● **WHAT TO WORK ON**: A faithful copy is required of the lines from the top of the entries through the line that contains "FABULOUS QUALITY TAN", both included, with no pictures.

** TASK INPUTS follows **

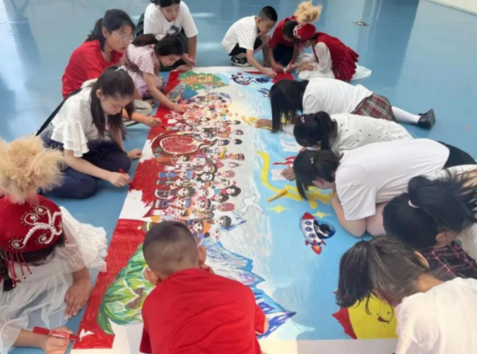 由中国民族博物馆发起的“童心共筑中国梦·儿童绘画作品展览及交流项目”,旨在以艺术为纽带铸牢中华民族共同体意识,促进各族青少年广泛交往、全面交流、深度交融。图为2023年8月,来京交流的儿童共同创作“童心共筑中国梦”大型作品。受访者供图
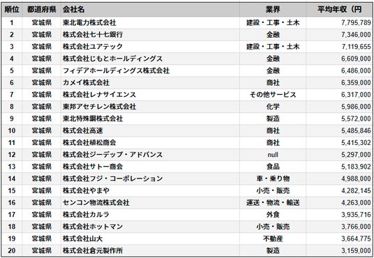 株式会社SalesNow(本社:東京都渋谷区、代表取締役:村岡功規、以下「当社」)は、国内540万社の企業情報を完全網羅した日本最大級のデータベース「SalesNow DB」より、上場企業を対象に宮城県に本社を置く企業の平均年収データを集計・分析し、「平均年収ランキング」として公開いたしました。
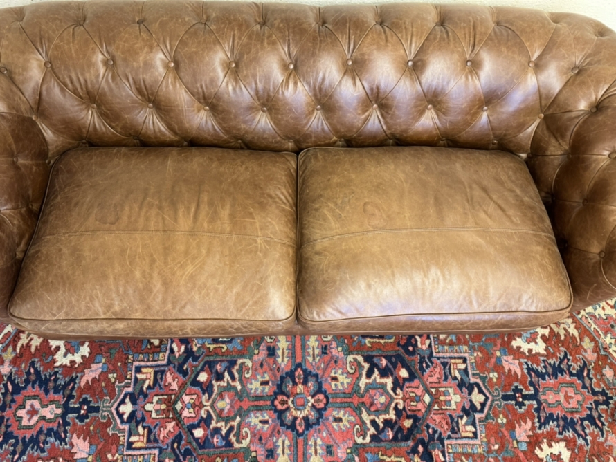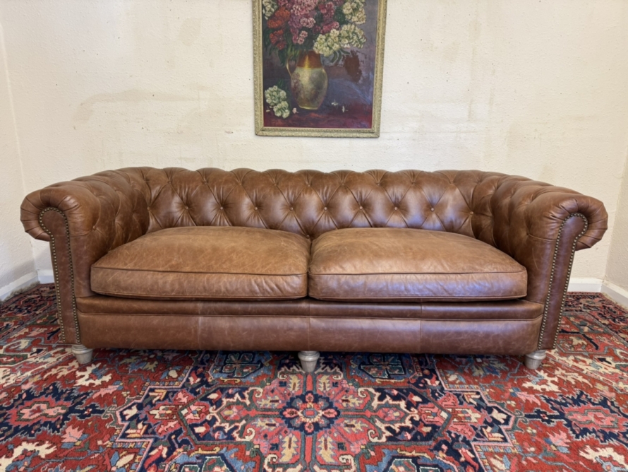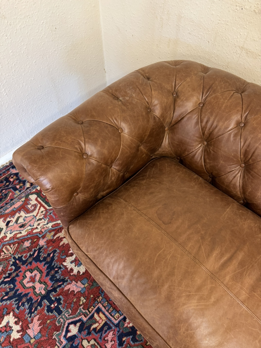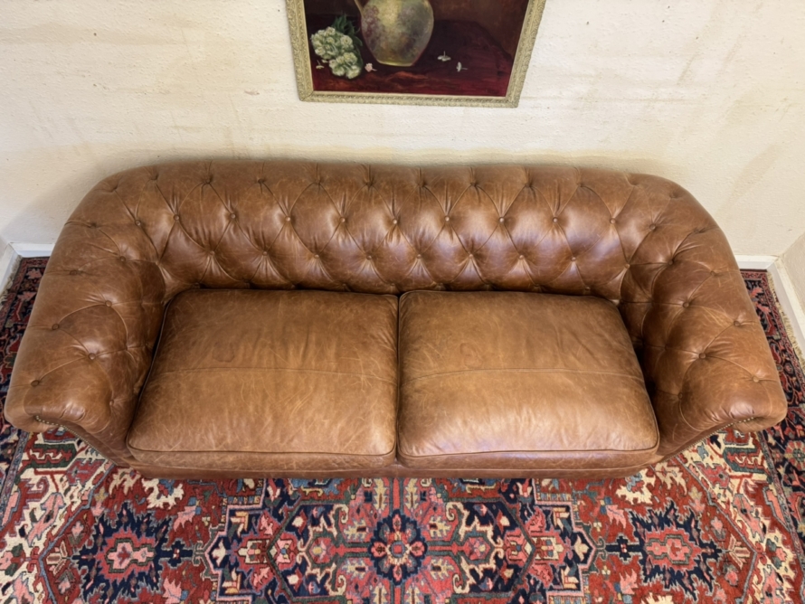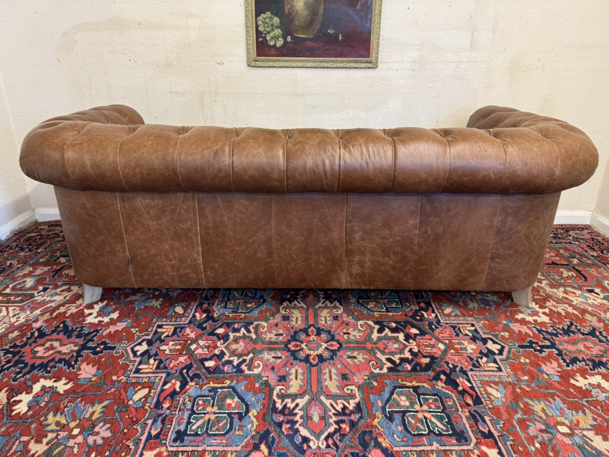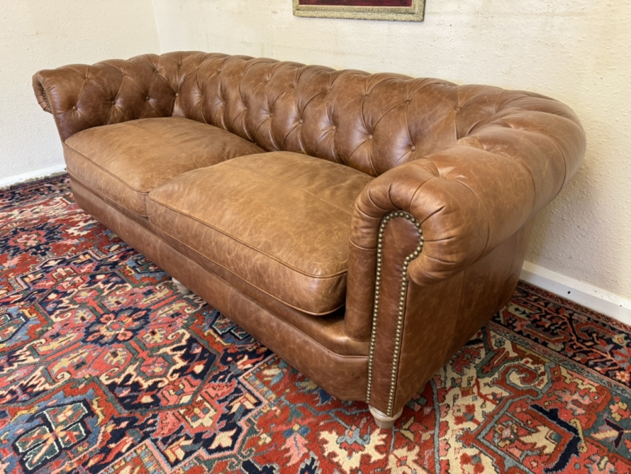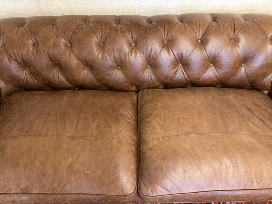 FABULOUS QUALITY TAN LEATHER BUTTON BACKED CHESTERFIELD SOFA/SETTEE
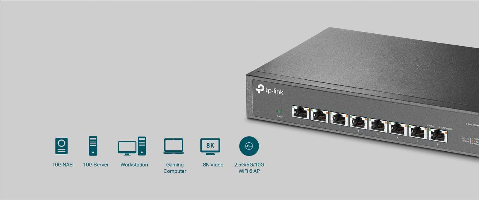 | Porty | 8 Portów 100Mb/s / 1Gb/s / 2,5Gb/s / 5Gb/s / 10Gb/s (Autonegocjacja) Auto-MDI/MDIX |
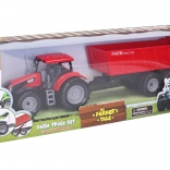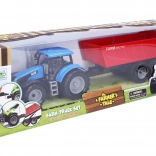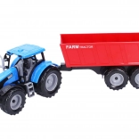 Wydajny traktor z przyczepą o długości 42 cm, idealny dla małych rolników. Napęd na koła zamachowe i otwierana tylna część przyczepy przynosi radość i realistyczną zabawę.
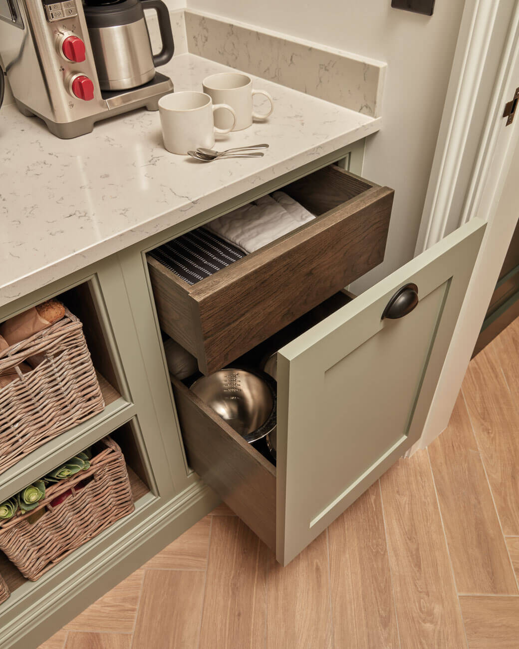We believe that storage should be beautiful and functional. Perfectly crafted open shelving with well-proportioned brackets and robust materials ensures it meets the demands of a well-used kitchen while maintaining an understated elegance, typical of Tom Howley. Our gorgeous dovetail drawers come in all kinds of configurations meaning there’s always an option to suit you. Timber dowels are perfectly formed so you can hang your favourite utensils so they’re ready to use at a moment’s notice.
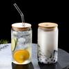 16oz Strawberry Bow Printed Drinking Glass Can With Bamboo Lid Straw Various Patterns Iced/Coffee Tumbler For Christmas Gift
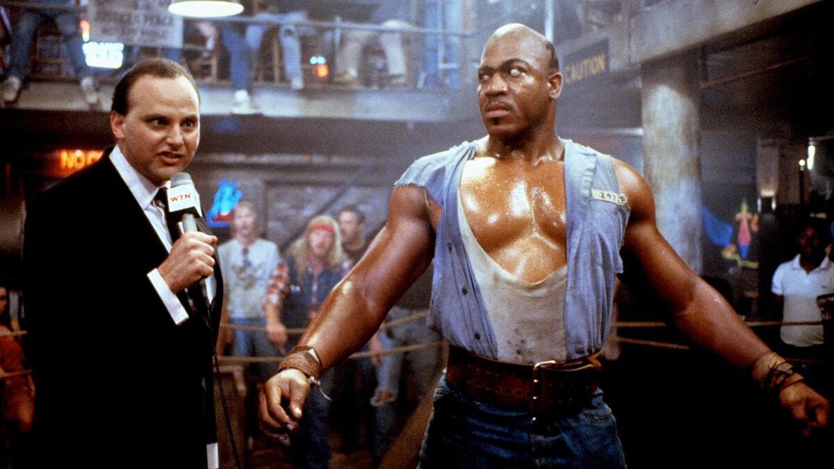 Between his sheer size, ferocity, and the lethal combo of a lazy eye and unibrow, Zeus (aka Tommy Lister Jr., aka Deebo) is legitimately terrifying. He wins a series of matches against other big men, including one guy who swings an enormous hammer. The only rule in No Holds Barred is that there are no rules.

** End of TASK INPUTS **

● **EXERCISE RESULT**:
 由中国民族博物馆发起的“童心共筑中国梦·儿童绘画作品展览及交流项目”,旨在以艺术为纽带铸牢中华民族共同体意识,促进各族青少年广泛交往、全面交流、深度交融。图为2023年8月,来京交流的儿童共同创作“童心共筑中国梦”大型作品。受访者供图
 株式会社SalesNow(本社:東京都渋谷区、代表取締役:村岡功規、以下「当社」)は、国内540万社の企業情報を完全網羅した日本最大級のデータベース「SalesNow DB」より、上場企業を対象に宮城県に本社を置く企業の平均年収データを集計・分析し、「平均年収ランキング」として公開いたしました。
 FABULOUS QUALITY TAN LEATHER BUTTON BACKED CHESTERFIELD SOFA/SETTEE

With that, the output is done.